4.4.1.2 Type II, Minor Form (30%)

In these patients costal malformations are intermediate and symptoms are limited or absent. Radiological abnormalities tend to reduce over time. Physical examination is sufficient to suspect the syndrome. Thorax X-ray shows the small and narrow thoracic cage with bell-shaped configuration. Ribs and clavicles are horizontals. The latter are shaped as bicycle handlebars and are high. These alterations are well detected on CT scans with 3D reconstruction. Pelvis X-rays show small pelvis and irregular acetabular roof (trident). Iliac wings are small and squared.

Some authors associate the measure of the thoracic perimeter with prognosis: a perimeter <28 cm correlates with bad prognosis. The measure of the thoracic cage might be responsible for pulmonary hypoplasia detected in some patients. The clinical spectrum runs from mild to severe forms where the rigidity of the chest does not allow proper expansion.

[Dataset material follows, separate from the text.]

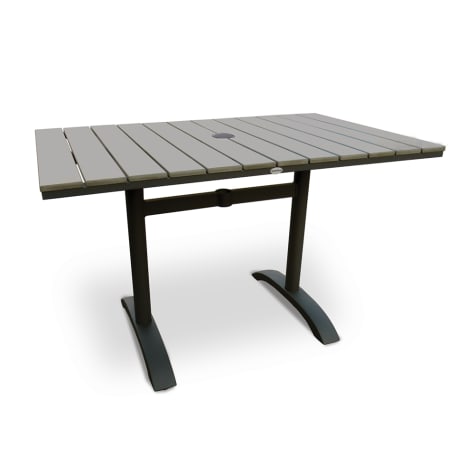 The Just Chair Perma‐Wood Outdoor line is scratch proof and stays cool to the touch. This table has an umbrella to shield customers from the sun. Stackable chairs to match are available.

Type 2 form does not always require treatments being patients asymptomatic or mildly affected.

4.4.2 Jarcho-Levin Syndrome

It is called costovertebral dysplasia or hemivertebral syndrome, and it is characterized by a short thorax with vertebral and costal abnormalities. The inheritance is autosomal recessive with mild male preponderance.

The hemivertebra typically involves all or almost all the spine with fusion or absent vertebral bodies. Vertebral anomalies deform the thoracic cage and lead the posterior costal arches to be fused at the costovertebral junction. Shape and number of ribs are abnormal. The effect is a short and crab-shaped thorax.

Neonates have respiratory distress that progress into respiratory failure, and most of them die within the first year of age. The association with congenital heart disease and urological abnormalities (hydronephrosis, ureteral and urethral stenosis) is frequent. Rarely there are gastrointestinal malformations. Thorax X-ray shows the crab shape due to the short dorsolumbar column. There hasn’t been any attempt of surgical correction to date.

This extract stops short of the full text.